Many South Koreans have also opted, or are opting, to delay receiving their pension in a bid to receive higher payouts, citing apprehension regarding high healthcare costs and a potentially longer lifespan.

Data by the NPS revealed the number of people who have opted to delay taking their pension went from 3,000 in 2013 to 31,300 by the end of 2018, according to Yonhap News Agency.

Cho Hyun-yun, a researcher at Dongguk University in Seoul, told Nikkei Asian Review that the South Korean government’s “political inability and irresponsibility is the reason behind senior citizens’ highest poverty and suicide rates” among OECD States, and that political parties should “play key roles in resolving elderly poverty”.

South Korea’s elderly suicide rate was 58.6 per 100,000 people in 2015, which is among the highest in the OECD.

Health and Welfare Minister Park Neung-hoo in Jan this year said that “simultaneous structural reform” should take place alongside the proposed increase in retirement age, such as greater support for the elderly to obtain secure employment or to start their own businesses, Korea Times reported.

Park added that “the creation of jobs suitable to senior citizens, the expansion of lifelong education and an increase in basic living subsidies for the underprivileged” were also necessary.
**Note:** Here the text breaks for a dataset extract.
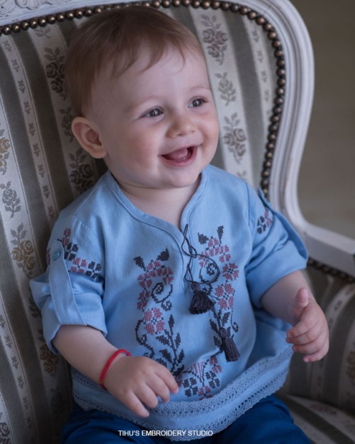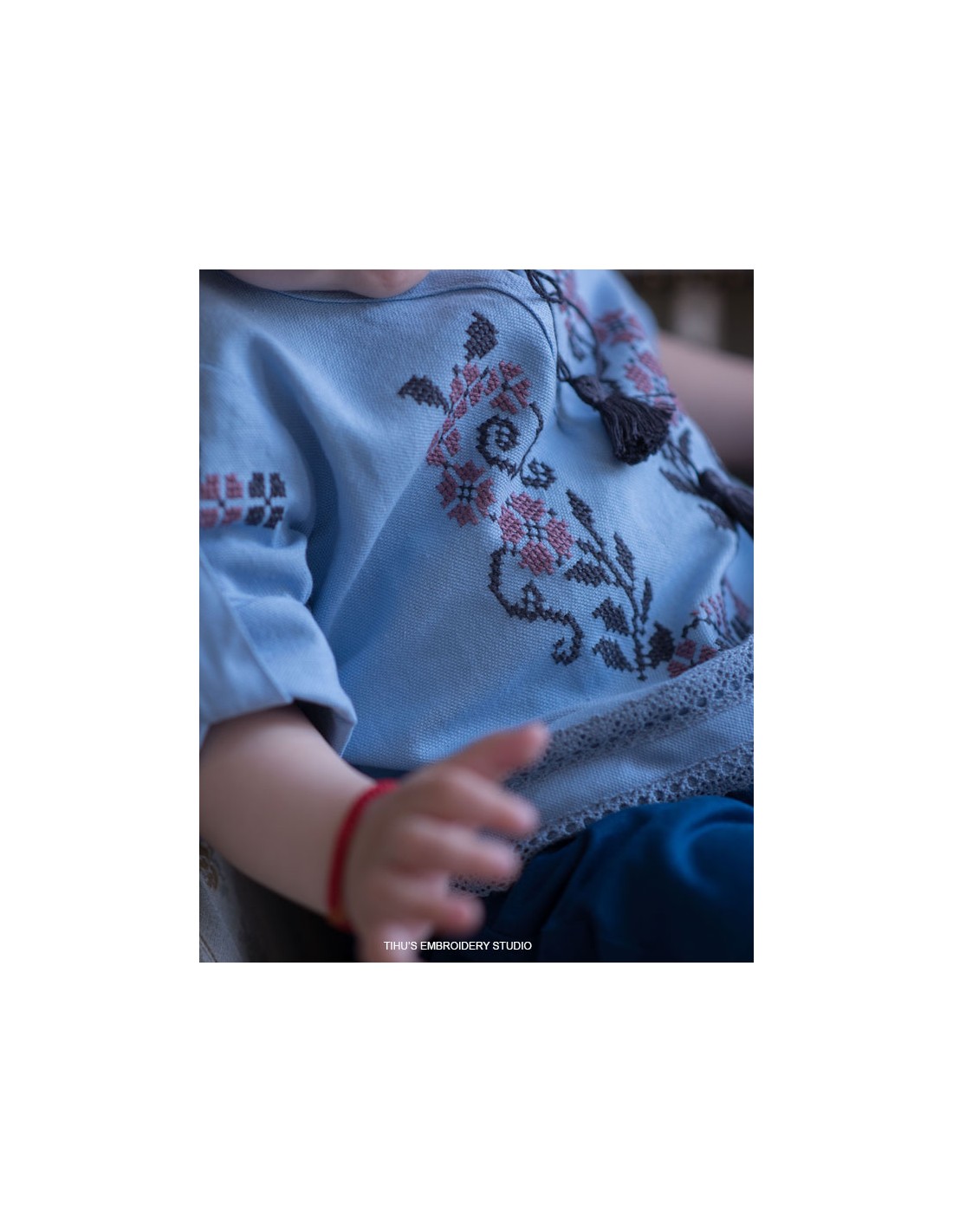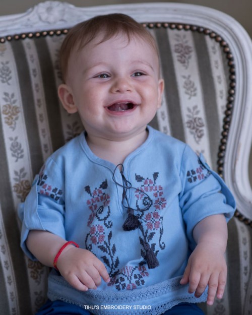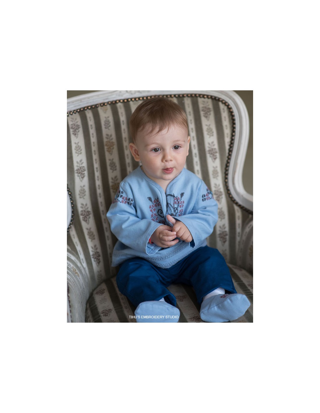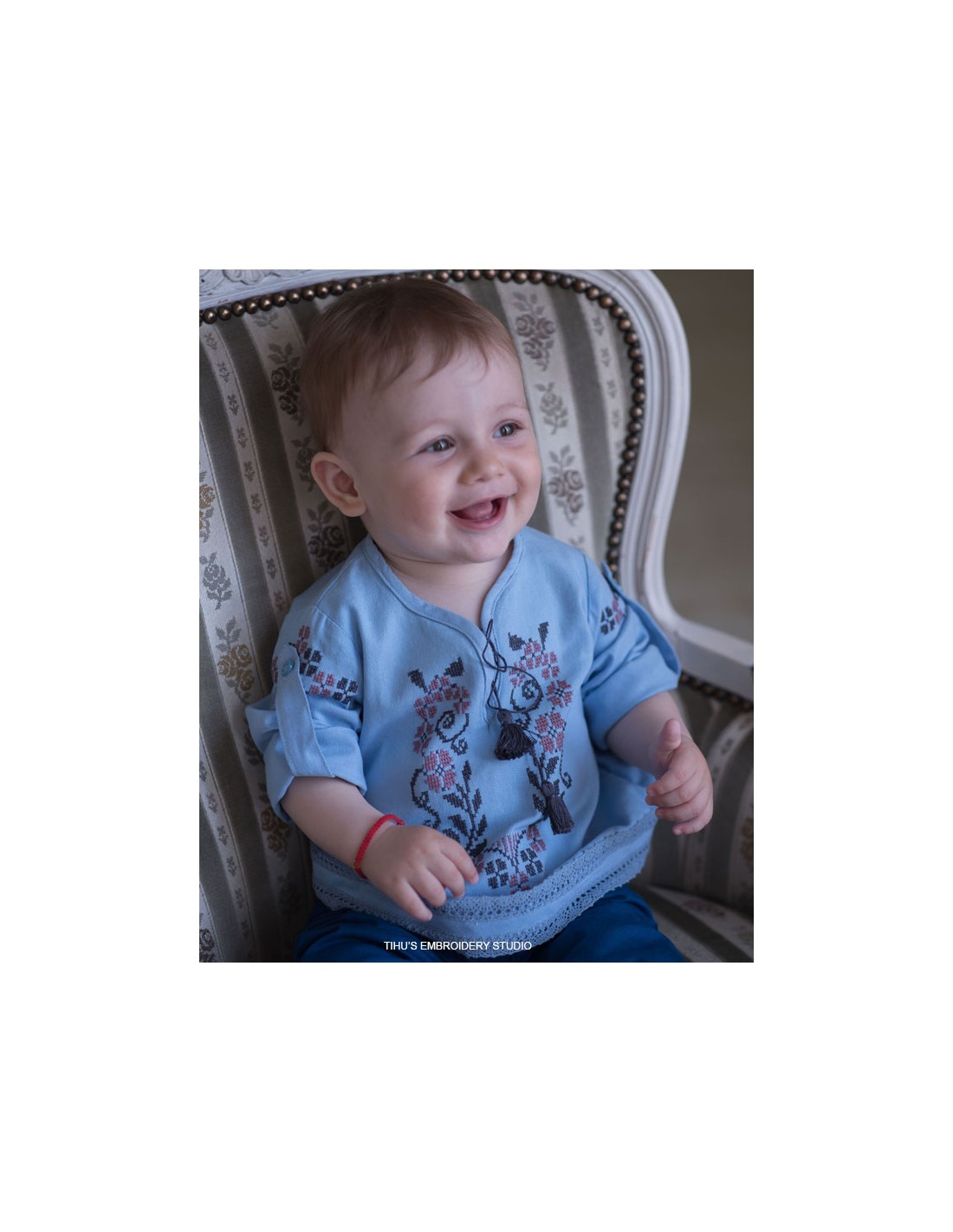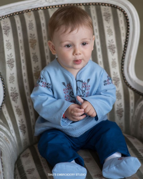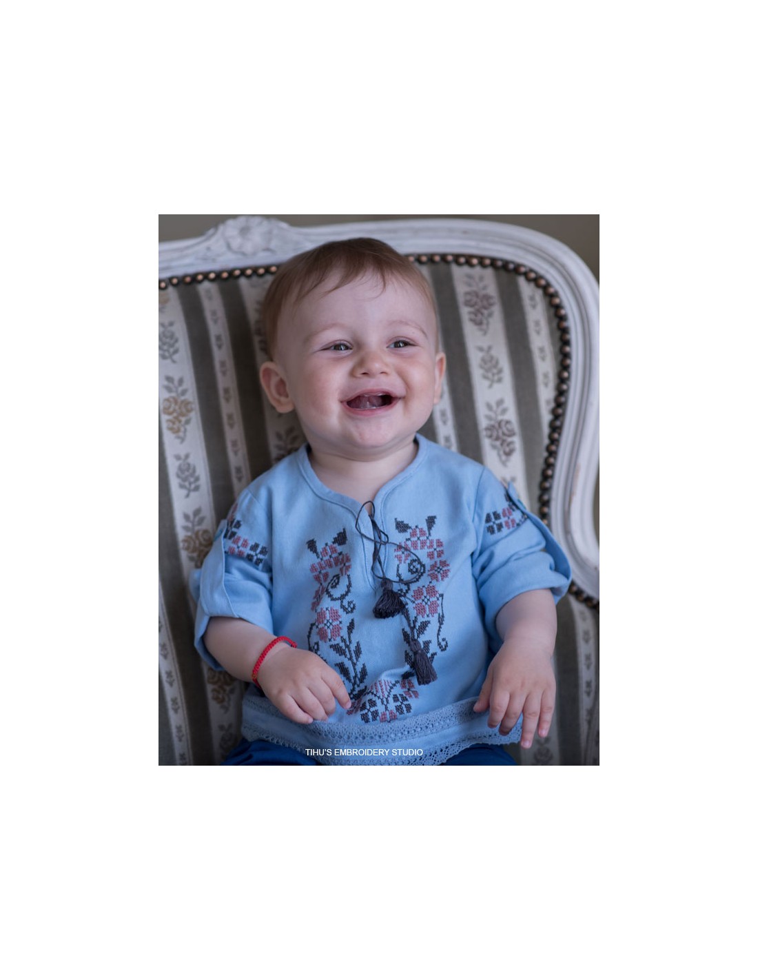 Setul de străițe conține: cămășuța cu guleraș stei și boteșei. Cămășuța se închide cu nasturi la spate.

Lee Chul-hee, an economics professor at Seoul National University, told Bloomberg that it is likely that raising the retirement age will result in more downsides than benefits, adding: “It won’t help with elderly poverty and it’ll do little to raise employment.”

Yonhap in Jun this year reported Labour Minister Lee Jae-kap as saying that raising the retirement age “should be a long-term task, as the immediate adoption of a new one could negatively affect youth employment“.

South Korea’s statistics office revealed this month that the unemployment rate among South Koreans aged 15-29 was 10.6 per cent in Q2 this year, which is a stark contrast to the 3.1 per cent for those aged 60 and above and 4.1 per cent for the country’s workforce as a whole.

Nam Jae-ryang, a researcher at the Korea Labor Institute in Sejong, told Bloomberg that unionised employees in big companies such as Hyundai Motor Co. and government officials – whose job security is already mocked as “iron rice bowls” – will be the ones benefiting from the raised retirement age.

“The gap between haves and not-haves in the labor market would worsen,” Nam said. “We may see the opposite of what we intended by raising the retirement age.”

Mu Guangzong, professor at the Institute of Population Research at Peking University, opined in a commentary on Global Times in Jul last year: “Institutional retirement is based on age, functional retirement is based on ability. But whatever be the type of retirement, nobody can work forever. It is unrealistic to expect people over 80 or 90 to stick to their jobs.”

S’pore govt to raise retirement and re-employment ages up to 65 and 70 respectively by 2030

Closer to home, Singapore will raise the ages of retirement and re-employment for Singaporeans up to 65 and 70 respectively by 2030, according to Prime Minister Lee Hsien Loong.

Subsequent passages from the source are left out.